* [Exercise]
Looking at the listing below, retype exactly the lines starting at the one containing "Sz UK 10 US 6" and ending at the one containing "A soft, rounded", both included, and nothing else.

* [Data excerpts]

== Segment start ==

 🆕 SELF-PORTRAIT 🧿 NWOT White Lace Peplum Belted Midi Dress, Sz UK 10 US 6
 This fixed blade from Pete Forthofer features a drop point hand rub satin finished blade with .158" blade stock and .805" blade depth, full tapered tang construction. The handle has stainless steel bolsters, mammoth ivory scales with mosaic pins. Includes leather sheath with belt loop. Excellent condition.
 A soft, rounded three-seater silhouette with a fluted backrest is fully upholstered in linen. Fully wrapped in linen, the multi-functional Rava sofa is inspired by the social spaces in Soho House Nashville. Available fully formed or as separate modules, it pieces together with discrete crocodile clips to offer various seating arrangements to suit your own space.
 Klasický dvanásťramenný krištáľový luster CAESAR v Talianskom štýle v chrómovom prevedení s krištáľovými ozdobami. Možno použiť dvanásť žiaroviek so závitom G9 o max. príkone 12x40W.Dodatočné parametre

== Segment end ==
== Segment start ==

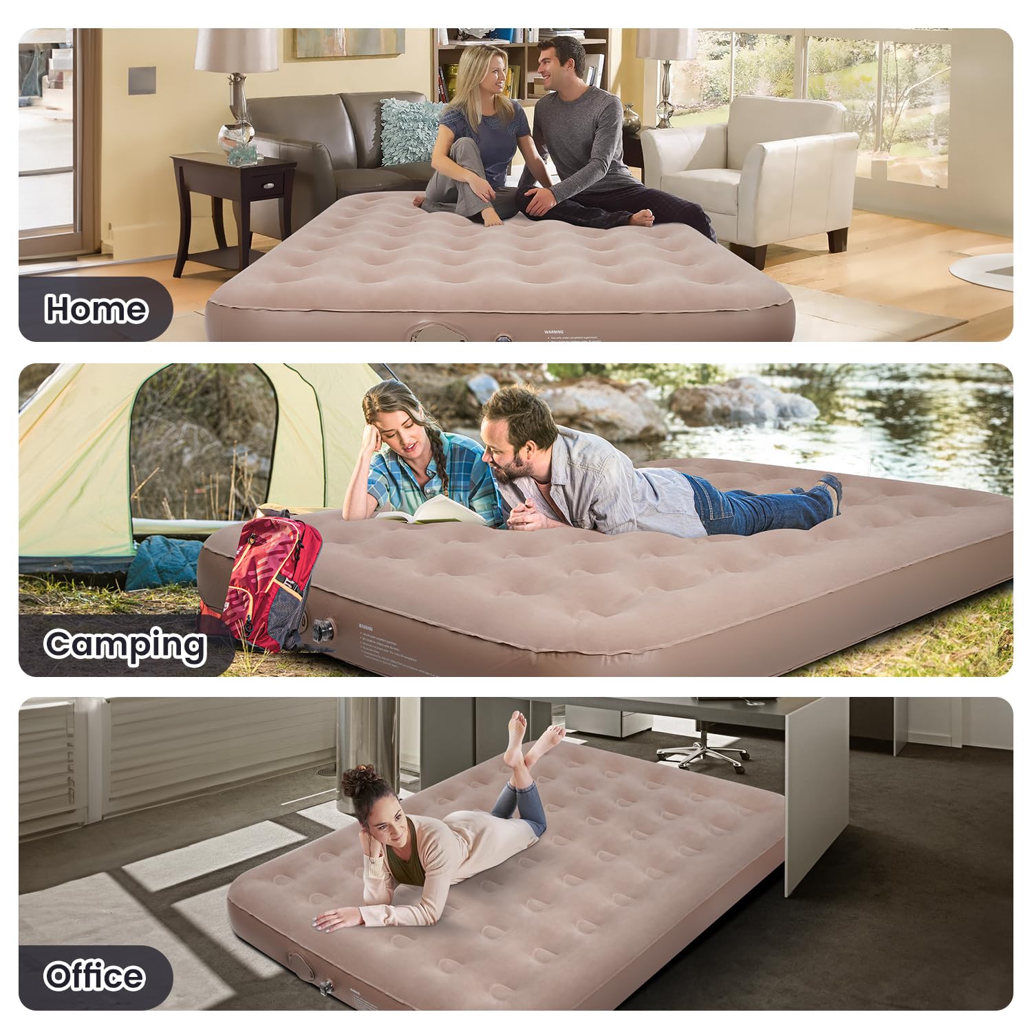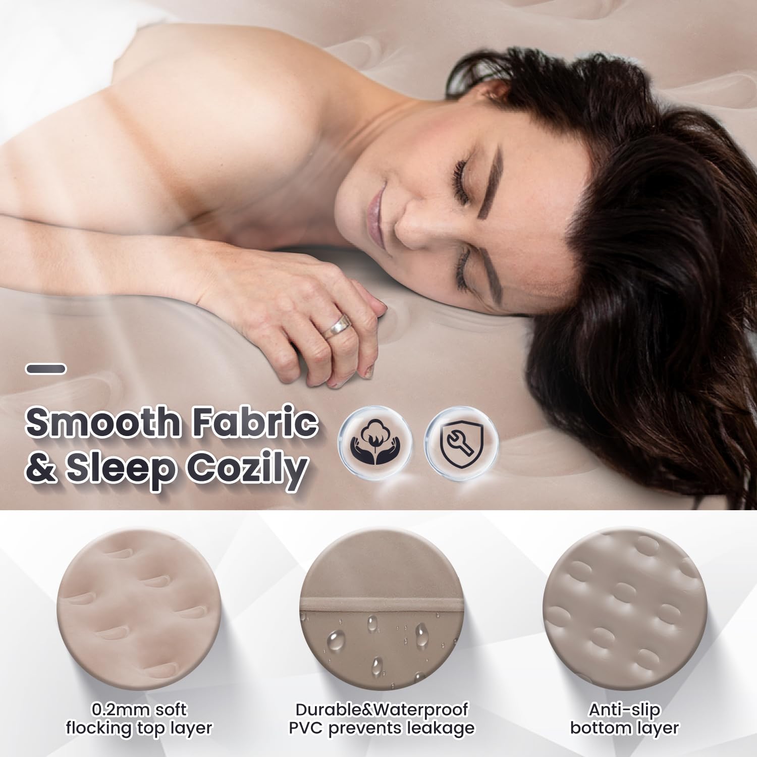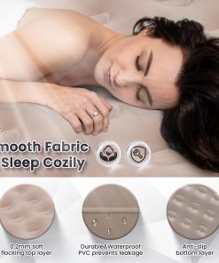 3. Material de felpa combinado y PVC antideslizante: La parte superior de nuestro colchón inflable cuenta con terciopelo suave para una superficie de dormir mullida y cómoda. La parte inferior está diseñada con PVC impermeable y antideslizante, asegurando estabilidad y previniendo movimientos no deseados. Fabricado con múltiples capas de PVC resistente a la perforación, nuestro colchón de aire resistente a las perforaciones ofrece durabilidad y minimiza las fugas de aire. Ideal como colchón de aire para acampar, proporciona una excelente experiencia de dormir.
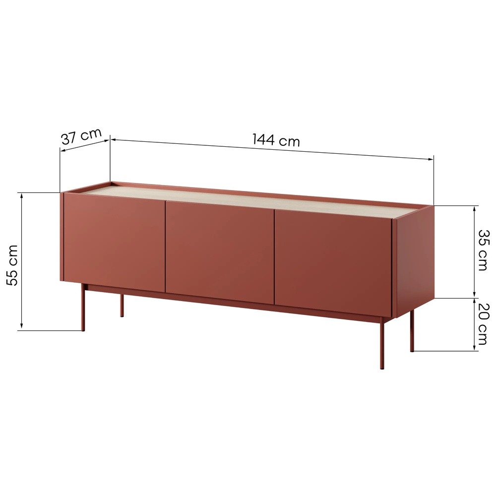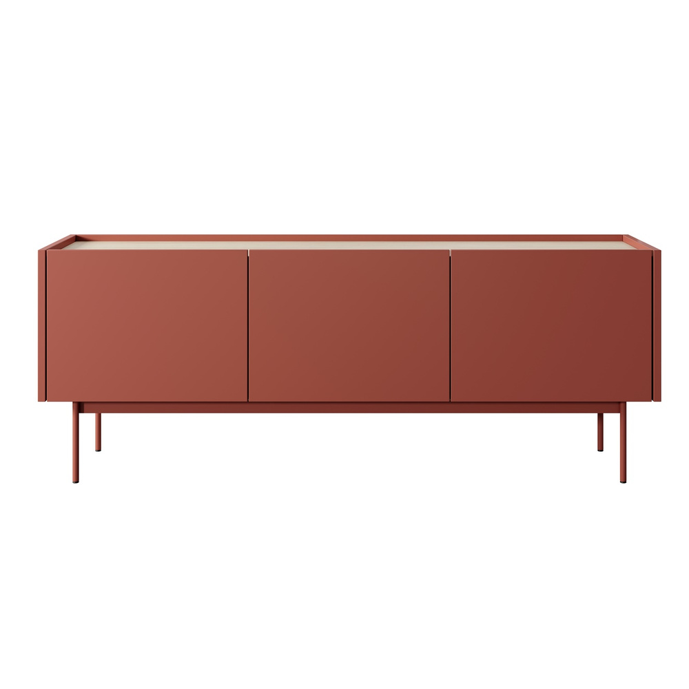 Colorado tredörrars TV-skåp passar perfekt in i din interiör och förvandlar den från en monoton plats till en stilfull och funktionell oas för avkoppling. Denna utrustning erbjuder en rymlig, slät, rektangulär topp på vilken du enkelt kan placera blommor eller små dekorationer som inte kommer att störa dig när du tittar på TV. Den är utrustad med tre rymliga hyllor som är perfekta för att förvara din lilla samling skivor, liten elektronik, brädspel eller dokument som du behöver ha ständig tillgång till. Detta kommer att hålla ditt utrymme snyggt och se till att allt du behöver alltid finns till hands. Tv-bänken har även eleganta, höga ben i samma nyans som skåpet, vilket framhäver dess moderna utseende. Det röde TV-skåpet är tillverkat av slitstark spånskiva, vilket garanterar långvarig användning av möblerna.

== Segment end ==

* [Exercise result]
 🆕 SELF-PORTRAIT 🧿 NWOT White Lace Peplum Belted Midi Dress, Sz UK 10 US 6
 This fixed blade from Pete Forthofer features a drop point hand rub satin finished blade with .158" blade stock and .805" blade depth, full tapered tang construction. The handle has stainless steel bolsters, mammoth ivory scales with mosaic pins. Includes leather sheath with belt loop. Excellent condition.
 A soft, rounded three-seater silhouette with a fluted backrest is fully upholstered in linen. Fully wrapped in linen, the multi-functional Rava sofa is inspired by the social spaces in Soho House Nashville. Available fully formed or as separate modules, it pieces together with discrete crocodile clips to offer various seating arrangements to suit your own space.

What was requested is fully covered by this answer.